Unfortunately, none of you will be able to visit Betty Brown’s, which was located at the corner of Sophia Street and William Street in the Fredericksburg of my youth (mid- to late-sixties). Mrs. Brown is dead and the place has been taken over by an antique store. But, oh, the memories…
Mrs. Brown had lead a life that would have tried the patience of Job. Her husband had died during a family picnic (the Rapphannock River runs through F’urg), her twins (girl/boy) had been hit and killed by a drunk driver after they got off the school bus, and her oldest daughter had run off to find herself, thinking that the best place to look was in South America and Africa (more on this latter). Mrs. Brown was also a hunchback, about 4’6" tall at the top of her shoulder (which was damn near higher than her head).
My grandmother lived around the corner from BettyBrown’s (you had to say it fast - it was practically all one word) and went there to get Pabst Blue Ribbon beer and Pall Mall cigarettes. Mrs. Brown also sold newspapers, sodas, some groceries, fresh seafood (she cooked crabs in the summer and I’ve eaten many, many bushells that she’s pulled right off the cooker), and, word was, Mrs. Brown made book some and you could play the numbers if you were so inclined. The best thing about the place, though, was the stuff that wasn’t for sale.
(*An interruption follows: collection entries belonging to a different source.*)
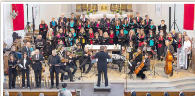
Der Hohenwarter Kirchenchor samt Solisten und Orchester begeisterte in der Pfarrkirche St. Georg mit einem abwechslungsreichen Programm – von klassischer Kirchenmusik bis hin zu moderner Rockmusik.
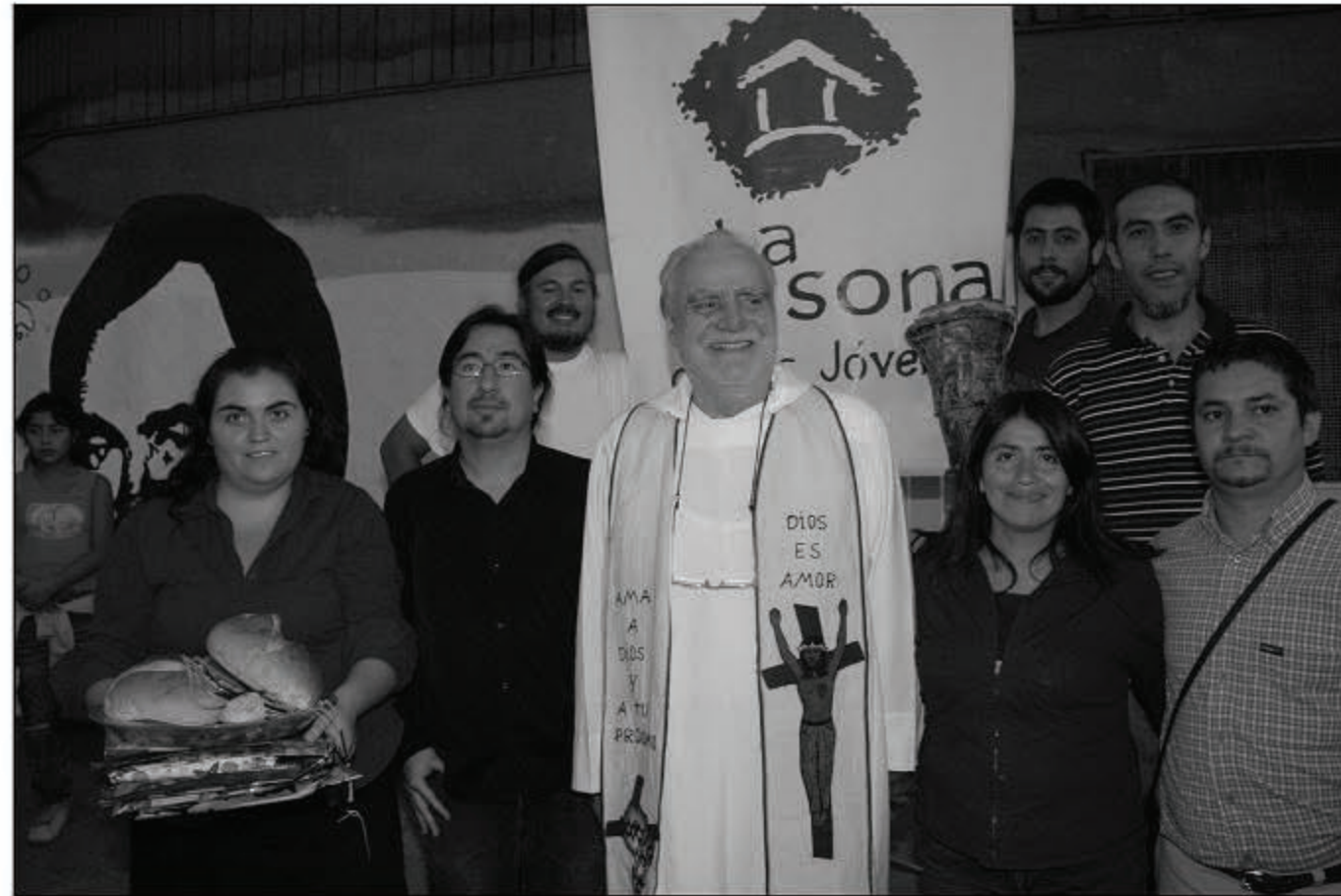
FOTOS: ANIVERSARIO LA CASONA DE LOS JOVENES

Fono: 2629457 – 2629447 Mail: ong.casona@gmail.com
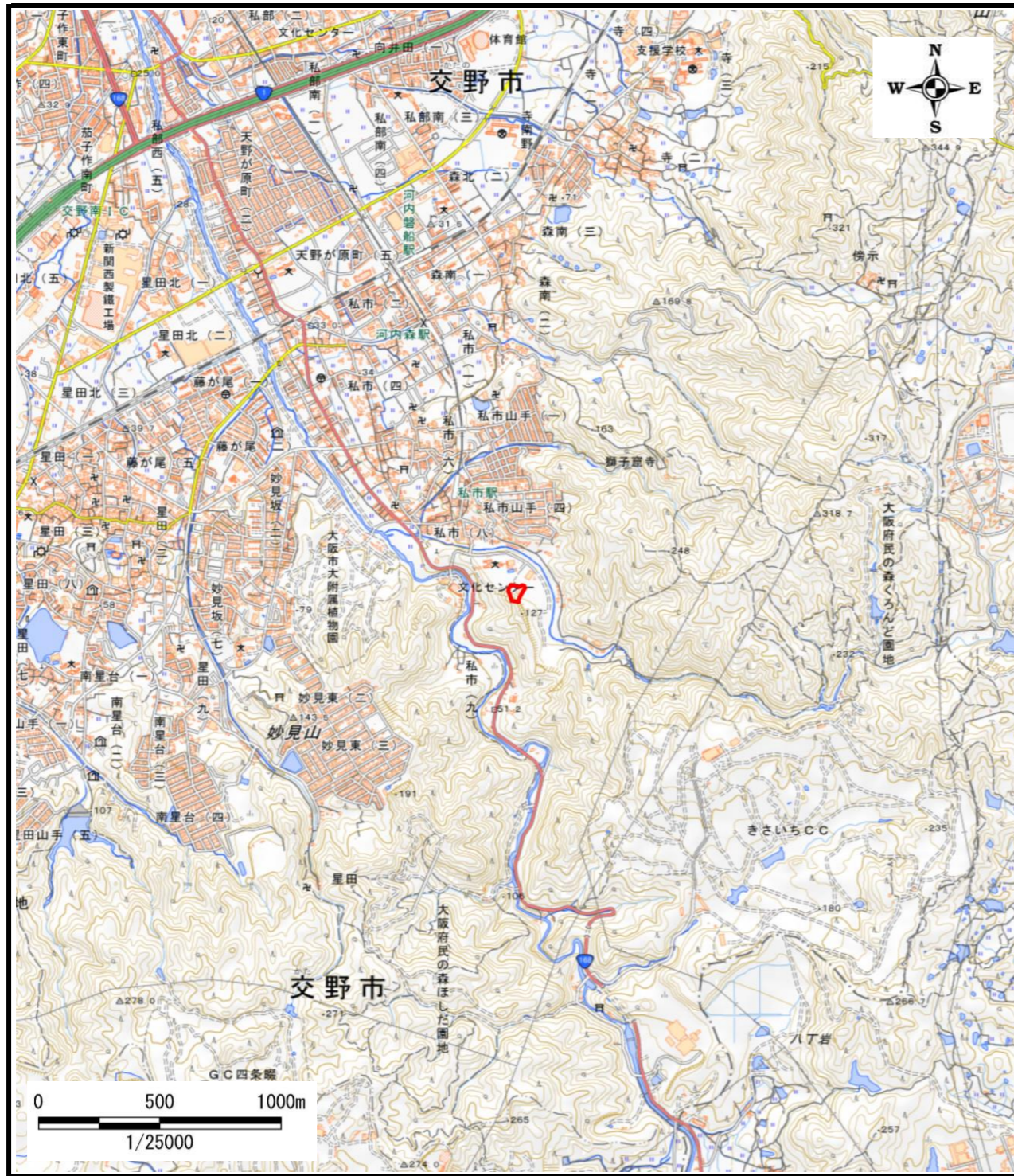
区域指定箇所概略位置図(1/25,000)
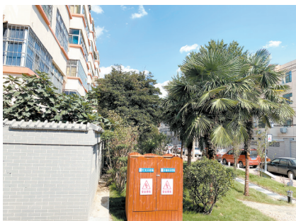
汝河小区现在楼新景美
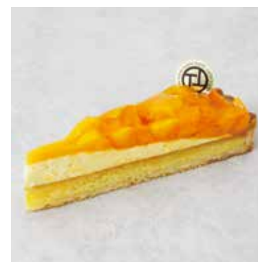
Tarte à la mangue マンゴータルト ¥850 (税込¥935)
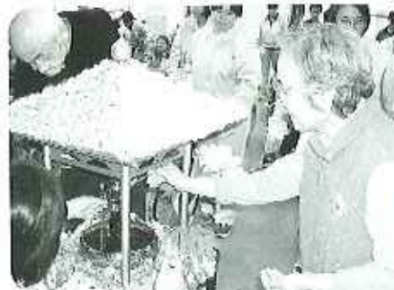
四月二十一日(金)お祝池様に甘茶をかけた誕生をお祝いしよす
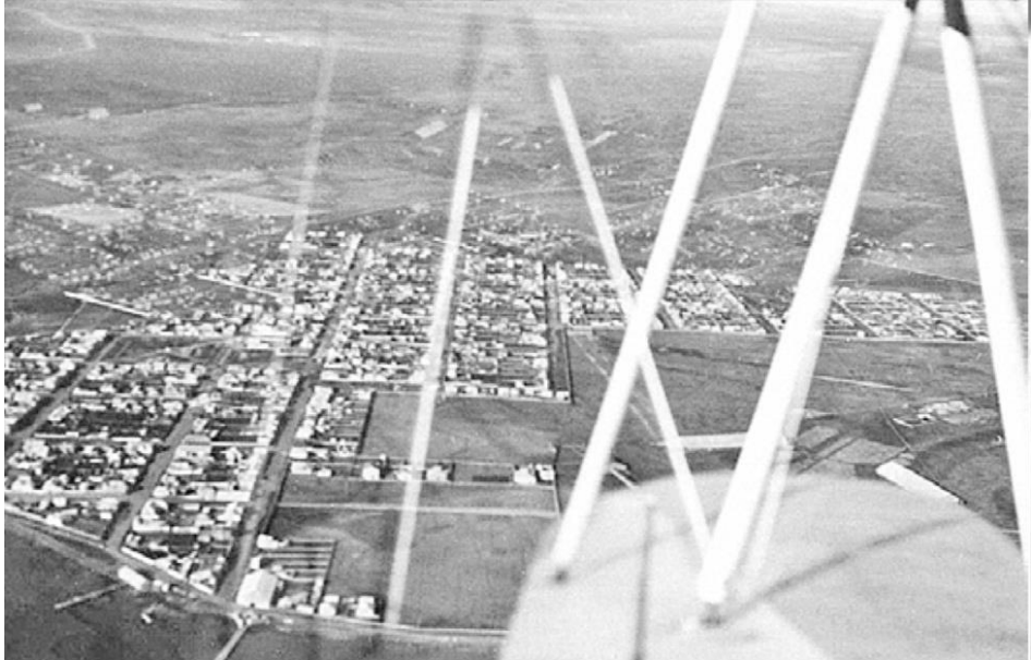
Figura 3: Vista aérea de Puerto Natales.

Ms. Brown’s daughter had disappeared, only to show up ever now and then again after having been to some strange part of the globe or another. She always brought stuff back with her, and Mrs. Brown’s store was full of tribal art, spears, bow and arrow sets, drums, furntiure, etc. from South American and Africa. I distinctly remember a portrait of JFK that looked exactly like what JFK would have looked like had he been black and dressed like a Masai herdsman. The best things, though, were the shrunken heads and shrunken bodies that had come from Ecuador.
In a little glass case, near the back, were 5 shrunken heads and two mumified, little shrunken bodies. They were leathery looking, with straight black hair, and I remember that their mouths were sewn shut. I can still hear Mrs. Brown telling people the directions to the bathroom - “Go toward the back, turn left at the shrunken heads, an go in the first door on the left.”